Role of Chromosomal Microarray and RNA Fusion Analysis in Detecting KMT2A -PTD and Stem Cell Transplant Impact on Mortality

KMT2A partial tandem duplication ( KMT2A -PTD) is a recurrent, high-risk alteration in myeloid neoplasms, yet no gold standard exists for its detection due to complex genomic architecture. We conducted a retrospective study of 97 specimens from 17 patients with KMT2A -PTD-positive myeloid neoplasms (11 AML, 4 MDS, 2 MPN) to compare chromosomal microarray analysis (CMA) and RNA fusion testing. Overall concordance was 73.3% (κ = 0.467), with RNA fusion identifying more cryptic KMT2A -PTDs (p = 0.035), while CMA detected non-canonical KMT2A -PTDs and, additionally, secondary genomic abnormalities (e.g., trisomy 8 and CN-LOH of diverse genes). KMT2A- PTD cases exhibited high clonal complexity and distinct mutational profiles, including mutations of DNMT3A , TET2, ASXL1, RUNX1, FLT3 , and others. Higher KMT2A -PTD transcript expression (split reads and SR/C ratio) correlated with DNMT3A , RUNX1 , and FLT3 mutations, and RUNX1T1 copy number gain (p < 0.05), and was reduced in CN-LOH cases.

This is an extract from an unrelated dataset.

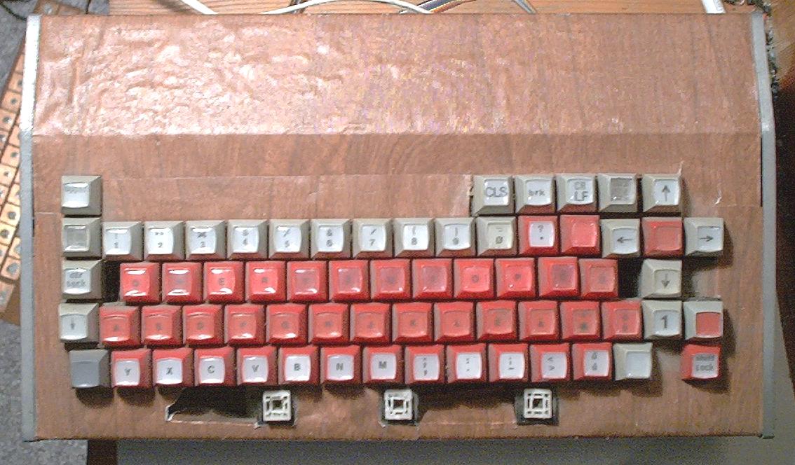 Egy Hunor-158 (EMG gyártmányú) germánium tranzisztoros-Nixie csöves számológép klaviatúra dobozába (jó masszív alu öntvény) került beépítésre. A képeken hiányzik a Space billentyű hosszú lapja, ami 3 párhuzamosan beépített gombra volt ragasztva (leszáradt a technokol) A gombok egymáshoz technokollal lettek ragasztva, és mindegyik 1-1 3.3K-s ellenállással 5 V-ra felhúzva (open collectoros kimenet). A gombok TÁKI (Rafi Lic.) Hall-generátoros nyomógombok voltak. Volt külön Shift, és CTRL lock (bentmaradós gombok), és külön kurzor vezérlés. Egyszóval akkoriban full extrás valami volt.

RNA fusion consistently identified breakpoints at exon 10→2 or exon 11→2, affecting key oncogenic domains (CXXC, PHD finger, and bromodomain). Six-month overall survival was 41.2%, with HSCT significantly improving outcomes (68.6% vs. 0% at 17 months, p = 0.028), non-transplanted patients showing shorter median PFS (∼6 months), and FLT3 -mutated patients experiencing 100% mortality (p = 0.0456). In conclusion, CMA and RNA fusion analyses offer complementary diagnostic value in KMT2A-PTD-positive myeloid neoplasms. Such integrated genomic testing improves detection and refines risk stratification. Given the poor prognosis associated with KMT2A -PTD, especially in patients with co-occurring high-risk mutations, our findings support early consideration of HSCT in such patients.